**Exercise requirements**: Which lines run from the one containing "Denne plys-killing i" through the end of the data? Write them out exactly, with the pictures left out.

**Data supplied**:

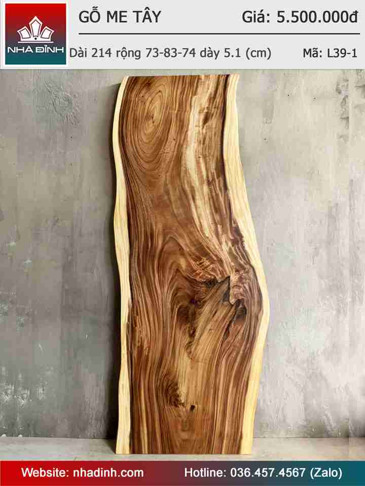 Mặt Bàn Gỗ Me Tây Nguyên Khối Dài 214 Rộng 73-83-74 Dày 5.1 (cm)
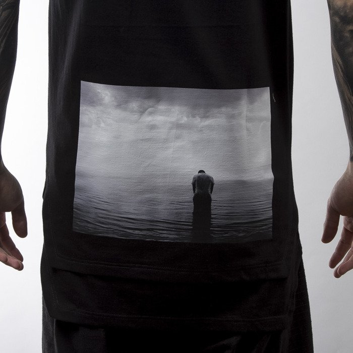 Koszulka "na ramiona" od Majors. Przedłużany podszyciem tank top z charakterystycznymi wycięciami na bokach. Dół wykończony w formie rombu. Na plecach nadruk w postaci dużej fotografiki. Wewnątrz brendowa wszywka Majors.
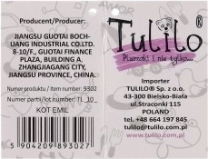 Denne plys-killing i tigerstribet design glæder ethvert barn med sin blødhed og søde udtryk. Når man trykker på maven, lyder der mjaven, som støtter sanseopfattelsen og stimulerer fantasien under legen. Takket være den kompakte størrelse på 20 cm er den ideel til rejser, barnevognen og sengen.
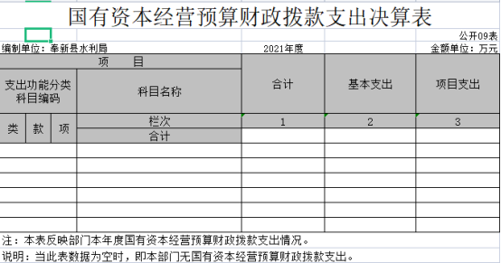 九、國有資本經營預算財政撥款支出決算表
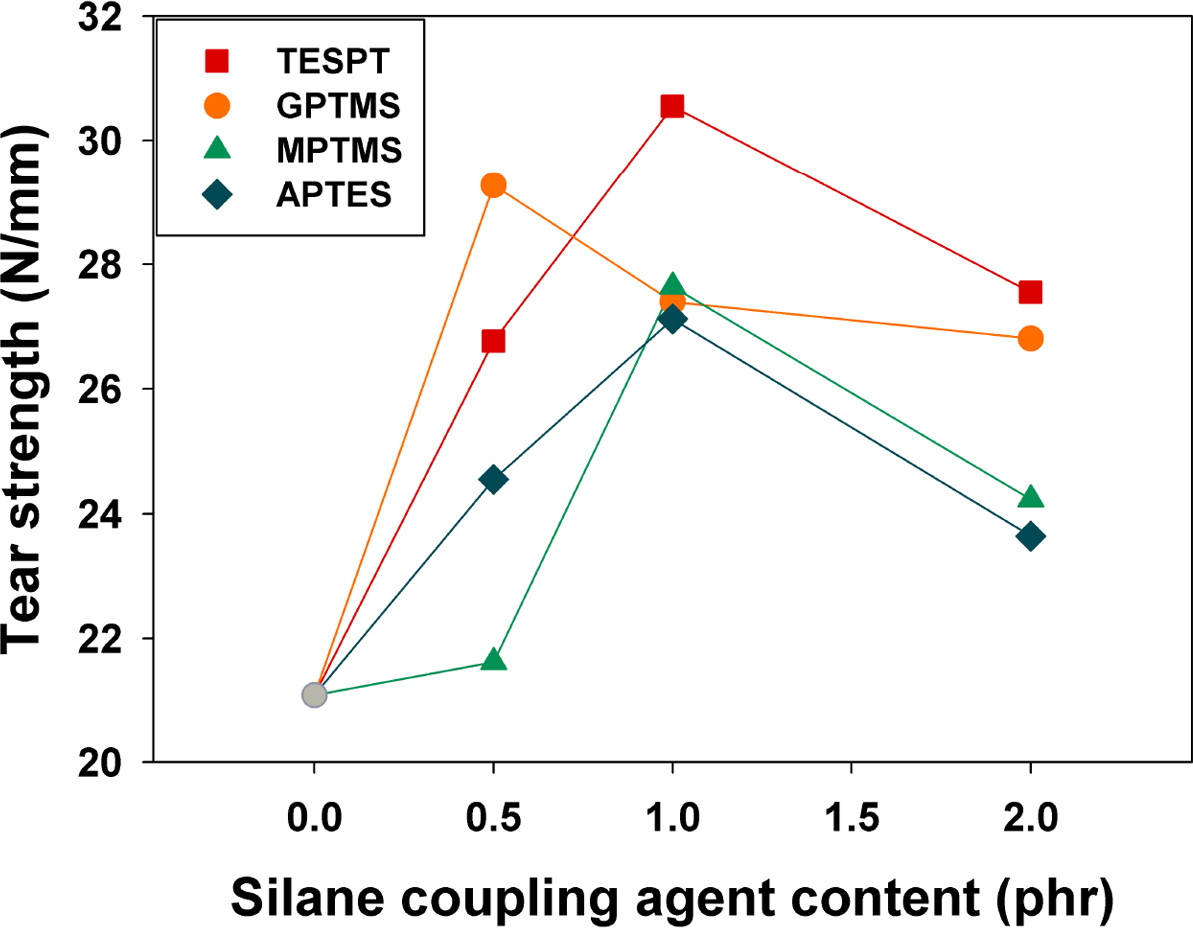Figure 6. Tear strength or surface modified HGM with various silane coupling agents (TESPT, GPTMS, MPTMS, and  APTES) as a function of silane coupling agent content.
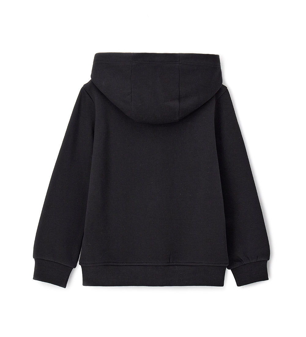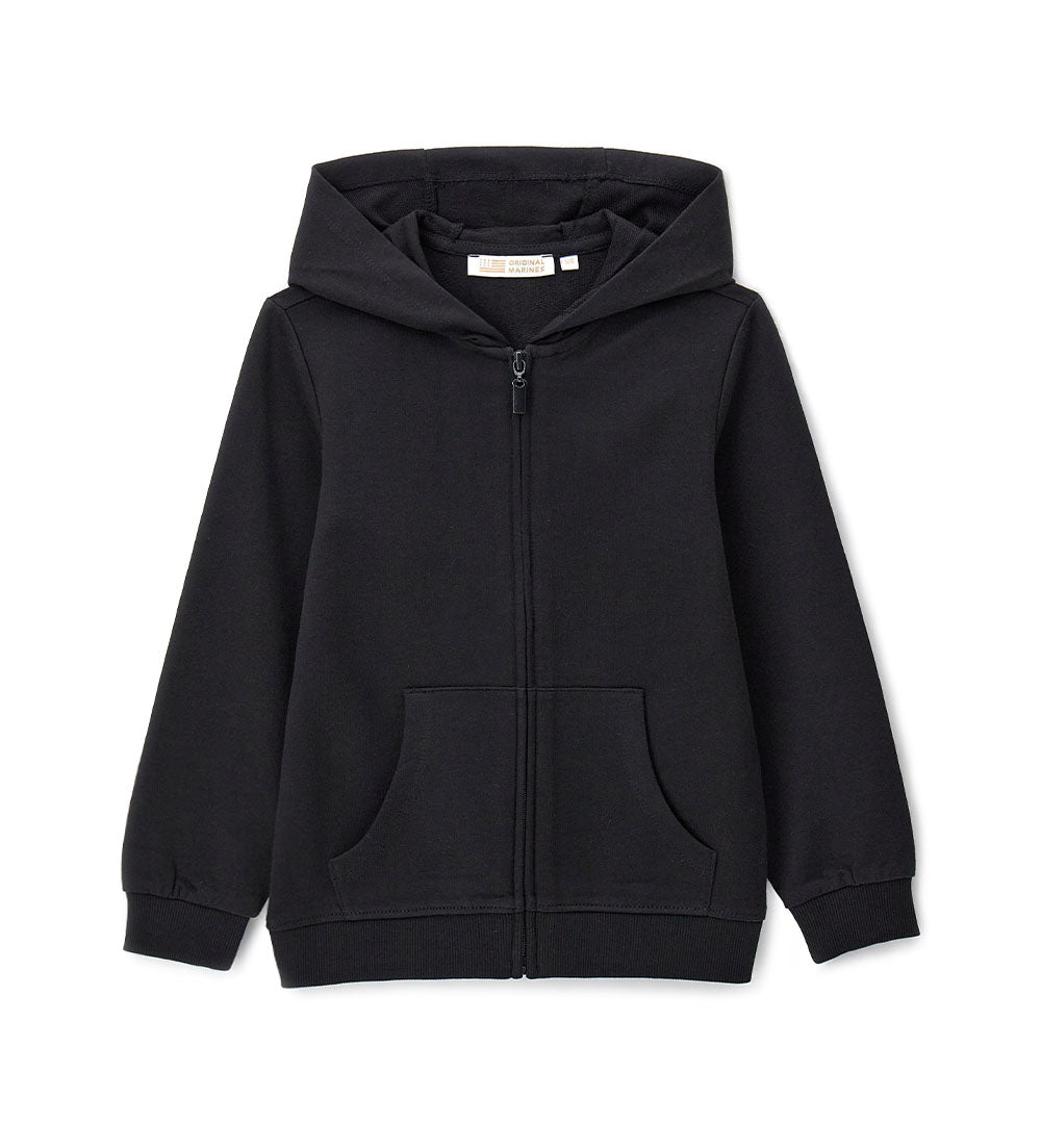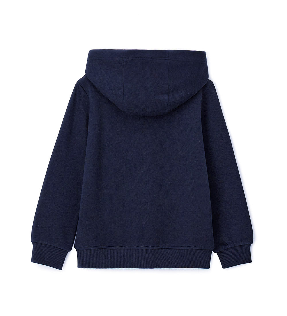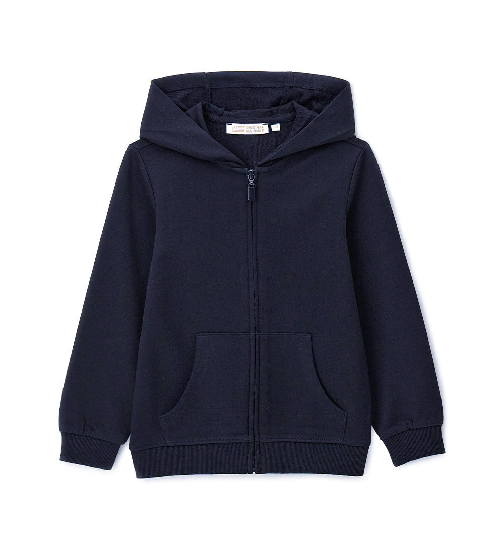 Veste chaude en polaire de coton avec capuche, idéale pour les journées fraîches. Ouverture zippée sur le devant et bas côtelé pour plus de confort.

**Answer below**:
 Denne plys-killing i tigerstribet design glæder ethvert barn med sin blødhed og søde udtryk. Når man trykker på maven, lyder der mjaven, som støtter sanseopfattelsen og stimulerer fantasien under legen. Takket være den kompakte størrelse på 20 cm er den ideel til rejser, barnevognen og sengen.
 九、國有資本經營預算財政撥款支出決算表
Figure 6. Tear strength or surface modified HGM with various silane coupling agents (TESPT, GPTMS, MPTMS, and  APTES) as a function of silane coupling agent content.
 Veste chaude en polaire de coton avec capuche, idéale pour les journées fraîches. Ouverture zippée sur le devant et bas côtelé pour plus de confort.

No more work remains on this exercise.